Connaissance du cosmos : un état des lieux
Il y a 70 ans, l’Homo sapiens a entamé le chemin pour s’extraire du sol terrestre et partir vers ce ciel qu’il observe depuis si longtemps. On s’accorde à considérer que l’ère spatiale a commencé en plaçant Spoutnik sur orbite. En sept décennies, notre civilisation est passée d’une simple sphère émettant un laconique «bip-bip» à des humains de plusieurs nations installés dans une Station spatiale internationale sans interruption depuis près d’un quart de siècle.
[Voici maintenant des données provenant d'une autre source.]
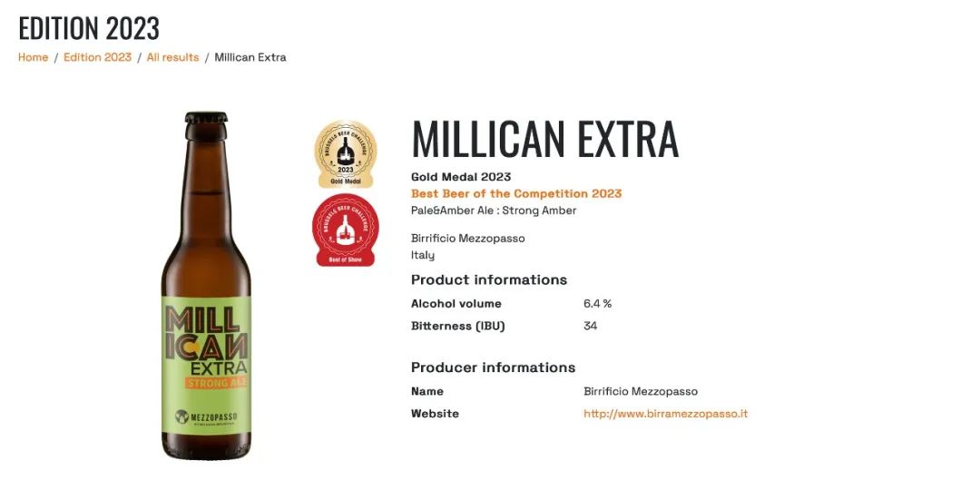 意大利正在证明它不仅可以以葡萄酒闻名,也同样可以是优秀啤酒酿造国。今年BBC中,意大利摘得37枚奖牌,首次排名第二,仅次于比利时。位于阿布鲁佐的Birrificio Mezzopasso以其琥珀啤酒“Millican Extra”赢得了著名的COMAC奖杯,获得比赛的最佳啤酒。

Par Marie Ange Sanguy, rédactrice en chef du magazine Espace et Exploration
L’affirmation selon laquelle l’astronomie est une école de la modestie reste un grand classique. Cette mère de toutes les sciences nous a appris que la Terre n’est pas le centre de la création et que le firmament ne tourne pas autour d’elle. Notre monde orbite autour d’une étoile banale située dans une galaxie qui n’a rien de remarquable, sorte d’univers-île perdu dans un vaste océan d’autres galaxies innombrables. On aurait pu croire que parvenir à envoyer des sondes explorer les planètes du système solaire ou même marcher sur la Lune se serait traduit par une leçon de l’astronautique en contradiction avec celle de l’école de la modestie. Après tout, la course à l’espace, devenue course à la Lune entre les États-Unis et l’Union soviétique dans les années 1960, se caractérisait par une volonté de démonstration de puissance. Et pourtant.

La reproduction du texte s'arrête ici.